What i did notice the megs dried the panel about 5x faster and worked into the paint making it much much nicer to use, the slickness is, well amazing, you notice this next wash you almost drop your microfibre, the sonax you kinda spread and walk away and leaves no nice feel.

Megs dont buy retail twice, instead if you like it get the big 3.8l tub of Xpress wax, same ingrediants for the cost of 2 retail sprays

Im testing dodo juice this week as they do bulk for cheap too.

Looks wise sonax brings out my scratches, the megs hides them more.

I like one for summer one for winter as i dry down.

One last thing, shout out to Demon Shine - I used it all winter (when washing is more a chore than fun) and bought their trade version (car plan hi rinse) for £9 for 5 litres ( i bought 10 litres!), you can dilute and spray it everywhere and makes a great budget drying aid, costing literally 2p - ingrediants its silicone and fragrance in a tub, but people love it, no protection but thats not a problem if you have a wax already. Ive diluted it downt to what they suggest (a glug in 5 litres) and it works amazing so it could literally last you years. I always have some as backup.


----------



## SuperchargedLlama (Apr 25, 2008)

NorthantsPete said:


> Yes - its good.

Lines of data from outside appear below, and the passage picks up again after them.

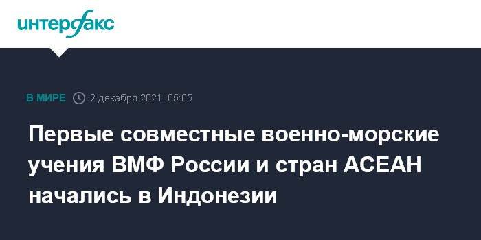 Москва. 2 декабря. INTERFAX.RU - В военно-морской базе в порту Белаван (Индонезия) прошла церемония открытия первых совместных военно-морских учений России и стран Ассоциации государств Юго-Восточной Азии (АСЕАН) ARNEX-2021, сообщил в четверг Тихоокеанский флот.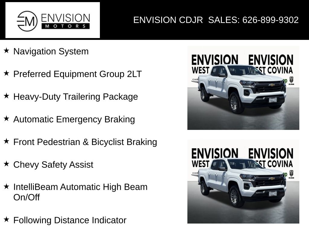 WE SPECIALIZE IN ALL CREDIT PROFILES! See what we can do for you! Call to find out (626) 899-9302.Odometer is 10292 miles below market average! Automatic Emergency Braking, Chevy Safety Assist, Following Distance Indicator, Forward Collision Alert, Front Pedestrian & Bicyclist Braking, Heavy-Duty Trailering Package, Integrated Trailer Brake Controller, IntelliBeam Automatic High Beam On/Off, Lane Keep Assist w/Lane Departure Warning, Navigation System, Preferred Equipment Group 2LT.Summit White2024 Chevrolet Colorado LT RWD 8-Speed Automatic 2.7L I4 Turbocharged DOHC 16V LEV3-ULEV50 237hp**********All Pricing and Advertised Prices for any/all vehicles offered for sale does not include dealer installed accessories which can be purchased for an additional cost.********** The Factory Rebates may not be available on this vehicle if you elect to take advantage of a Special Alternative APR or Special Lease program. Some Factory Rebates are California Resident specific and may vary for residents of other states. NO sales to Dealers, Brokers or Exporters. For out of state purchase, customers must be present to purchase. If shipping is required, dealership must facilitate; no exceptions. Please contact us for special Multi-Vehicle or Fleet pricing. Prices are plus government fees and taxes, any finance charges, $85 documentary fee, $29 electronic registration fee, any emission testing charge and $1.75 per new tire state tire fee. *** We make every effort to provide accurate information, but please verify before purchasing. Leasing & financing available on approved credit. Trade-ins accepted. Subject to prior sale.Awards: * Motor Trend Truck of the Year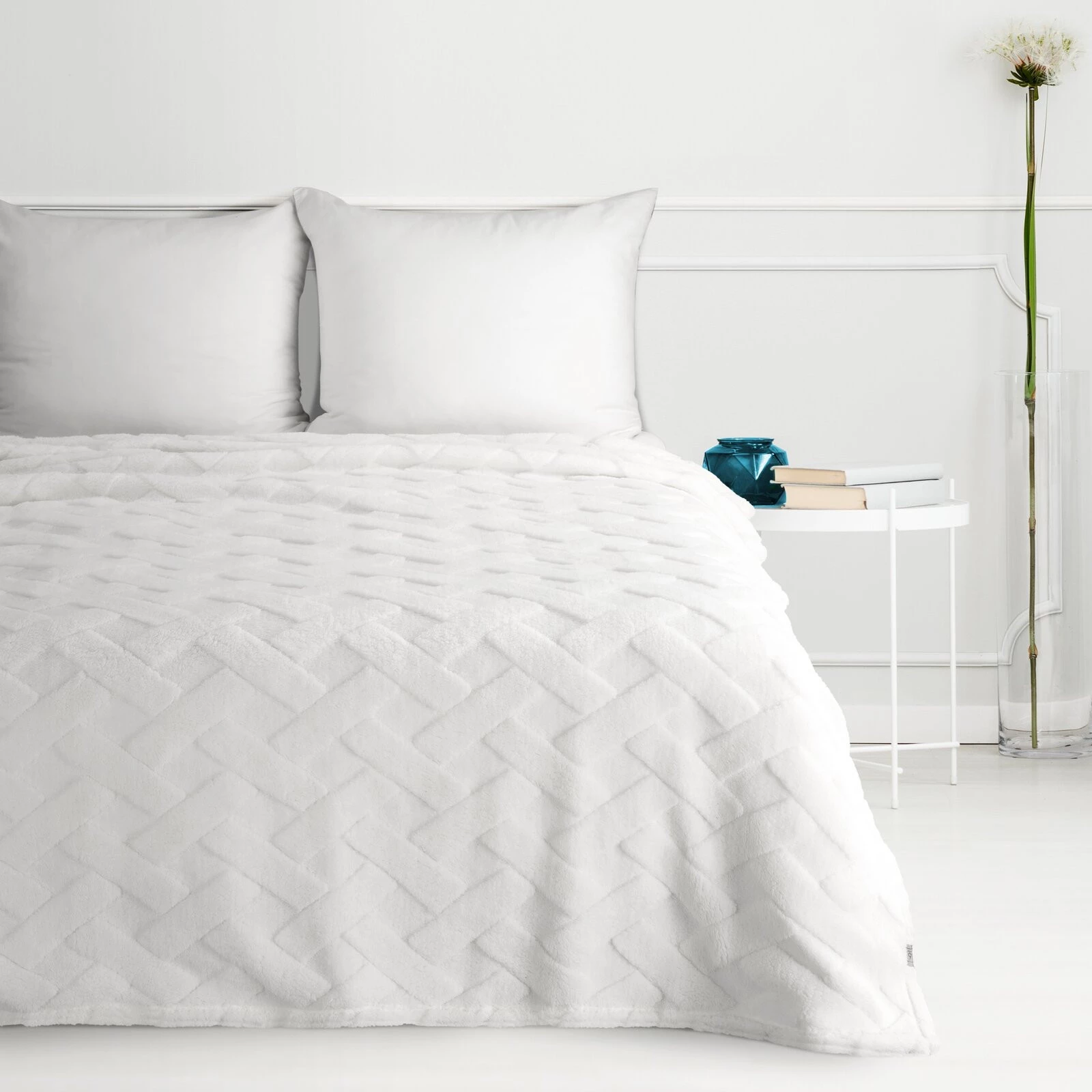 Klasyczny koc z przyjemnego w dotyku włókna w technologii mikroflano. Jednobarwna, puszysta faktura ozdobiona jest minimalistycznym tłoczeniem w formie jodełki. szerokość: 150 cm, długość: 200 cm, kolor: biały, Gramatura: 340 GSM, Skład: 100% poliester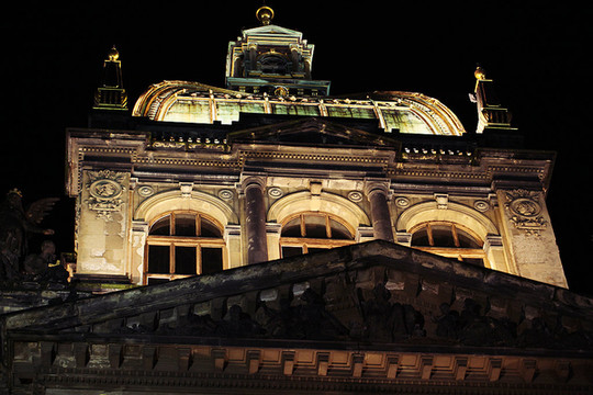 夜晚的博物馆前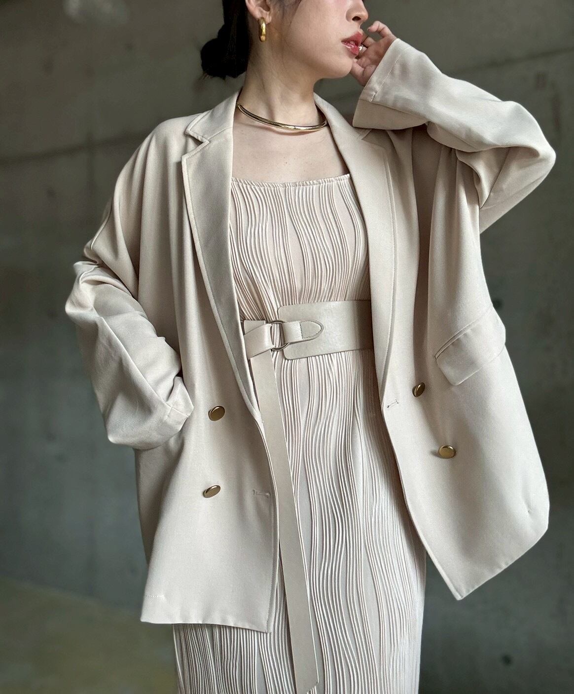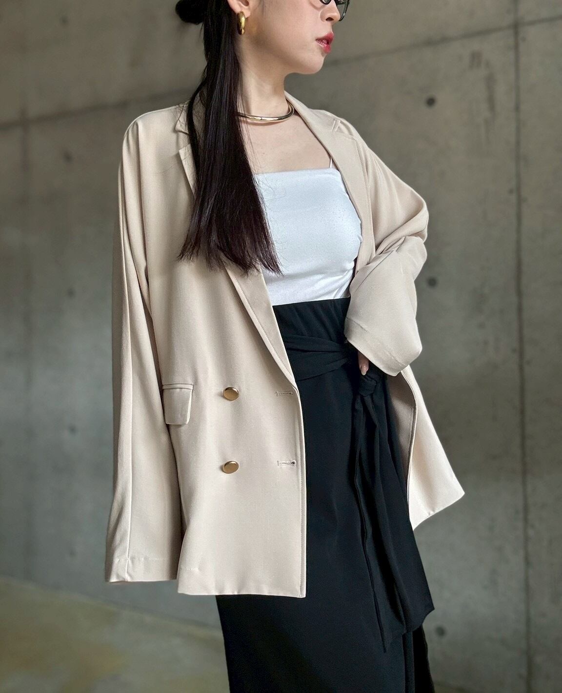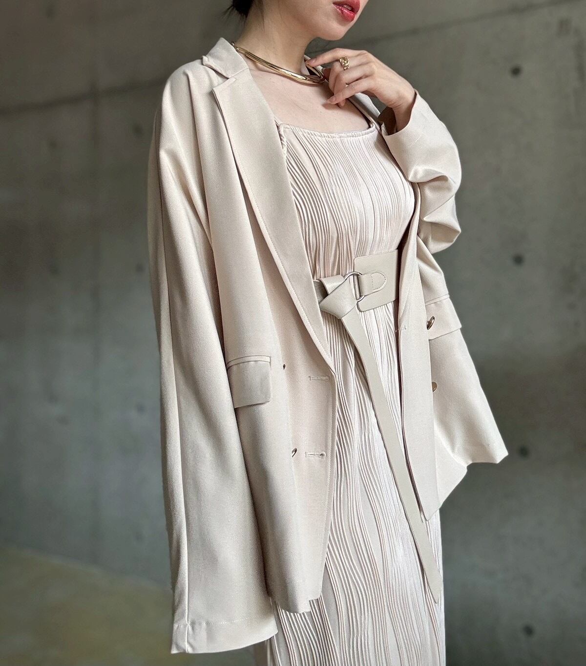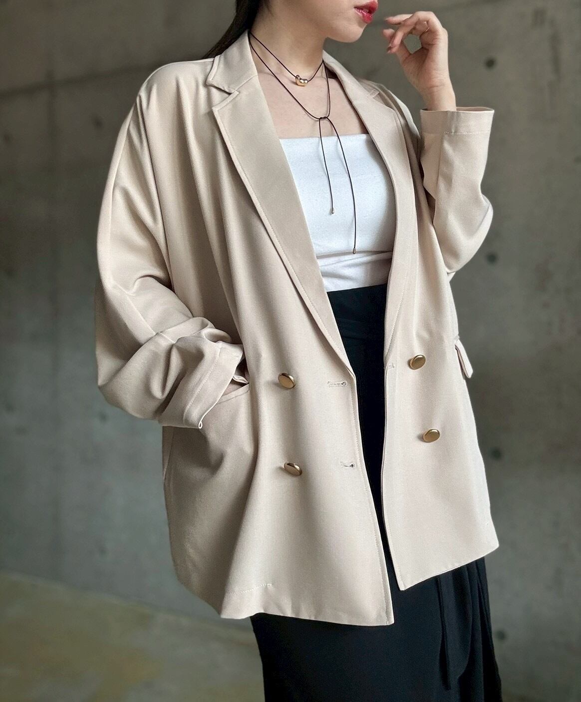 サラッと上品な落ち感のある生地が美しい、オンオフに使えるキレイめジャケット✨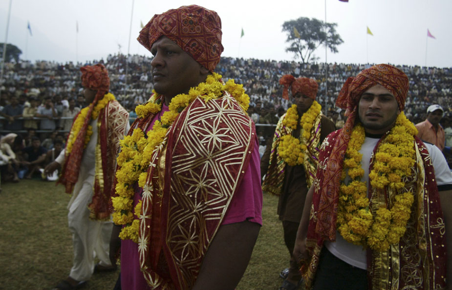 9月22日,印度格德拉,第5屆印度-巴基斯坦摔跤友誼賽在當?shù)嘏e行。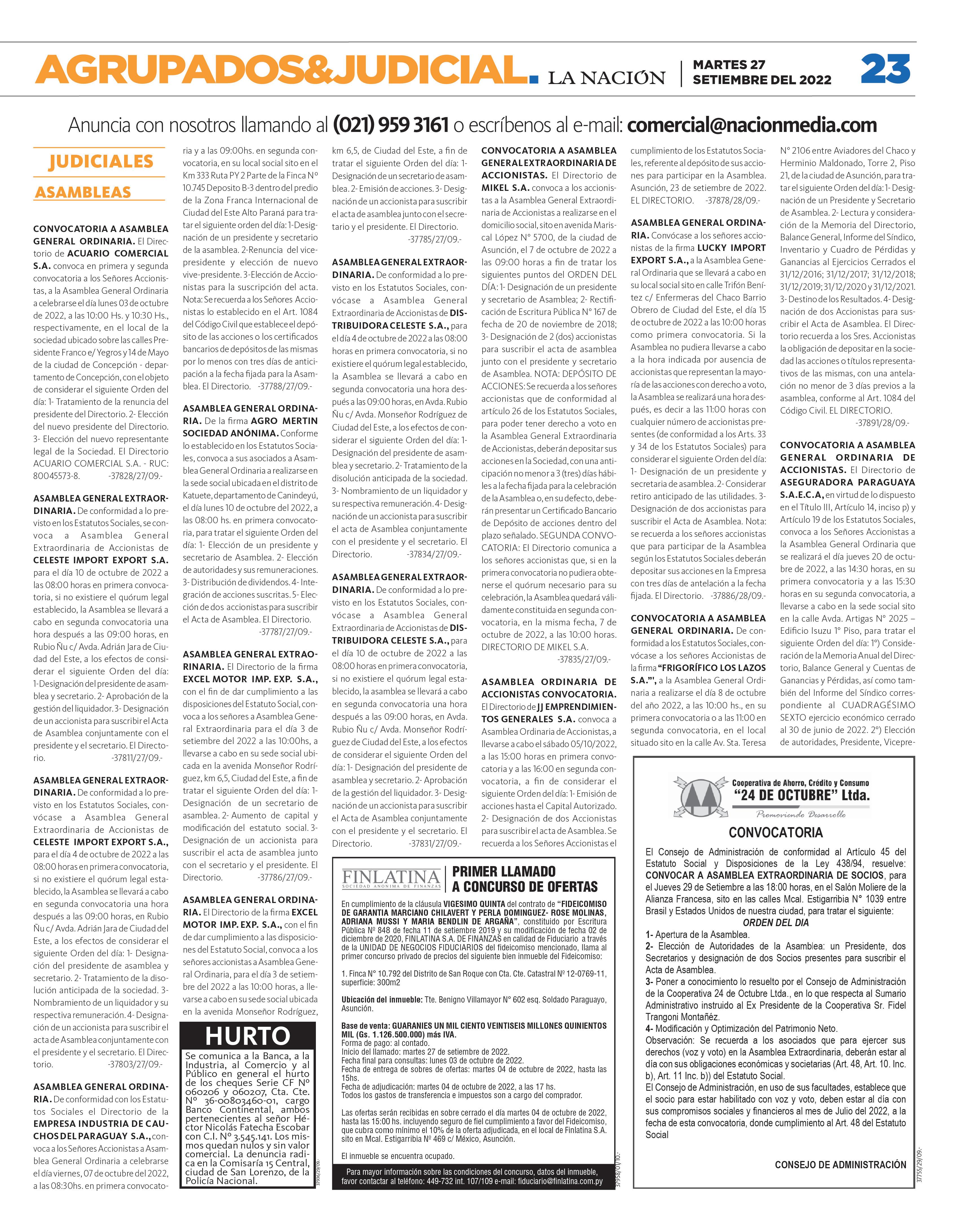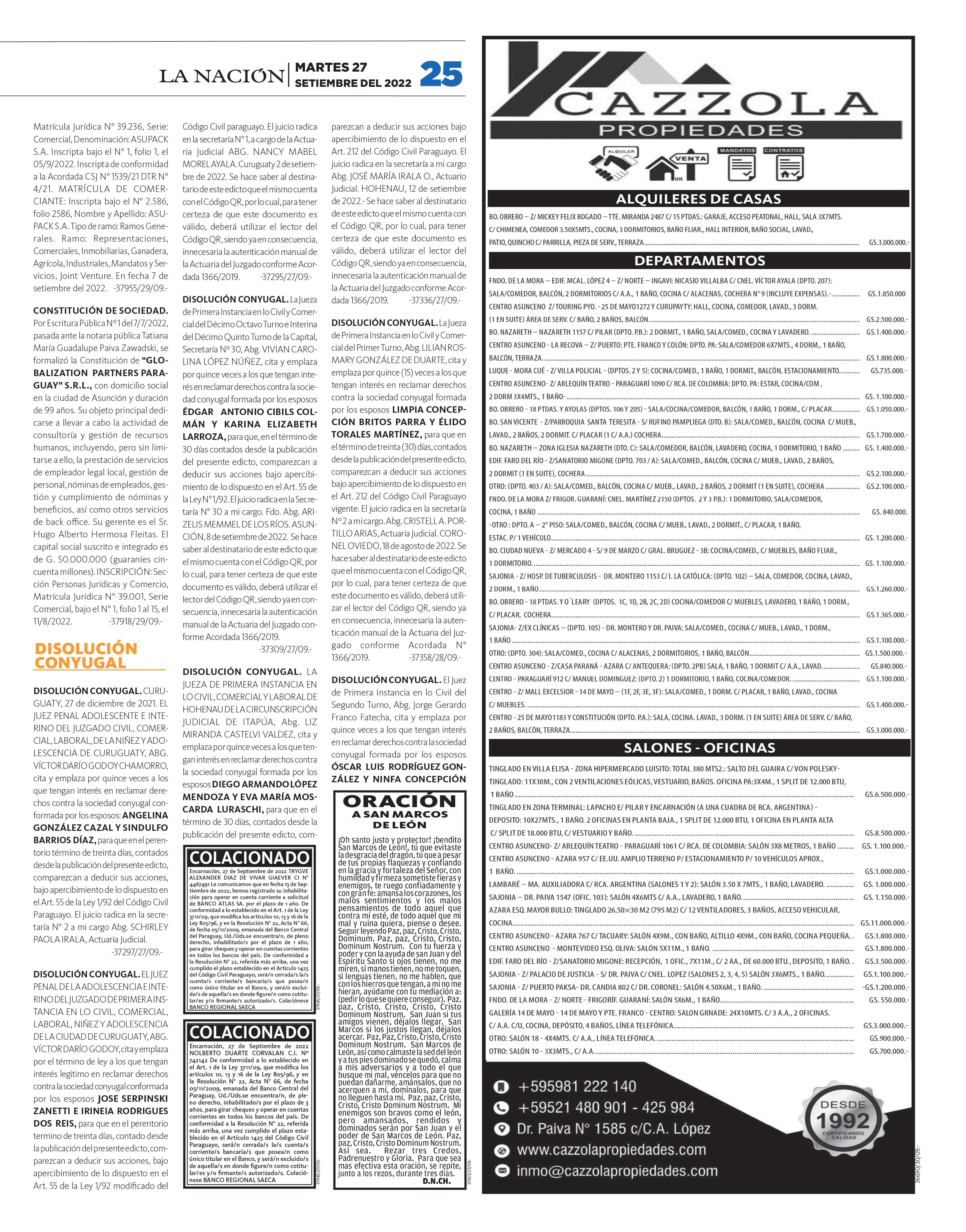 4-4-2 JÚNIOR ALONSO MIGUEL ALMIRÓN MARTES 27, SETIEMBRE DEL 2022 Luqueño, de fiesta con el retorno a Primera P. 31 JUEGOS ODESUR: Paraguay está listo para recibir a la fuerza deportiva. P. 30 AMISTOSO ANTE LA MUNDIALISTA MARRUECOS

SOme dont get on with it or whing oe streaking - never had that, can only imagine they are doing somethign wrong or there is grease on the paint.


The streaking seems to be from too much product or applying a hot panel from what I've been reading (and from Forensic Detailing's tests).


----------



## NorthantsPete (May 18, 2016)

Mother-Goose said:


> The streaking seems to be from too much product or applying a hot panel from what I've been reading (and from Forensic Detailing's tests).


yet i just did mine in 38 degree heat... im wlays on hot panels... liek you say too much probably, less is more in this case


----------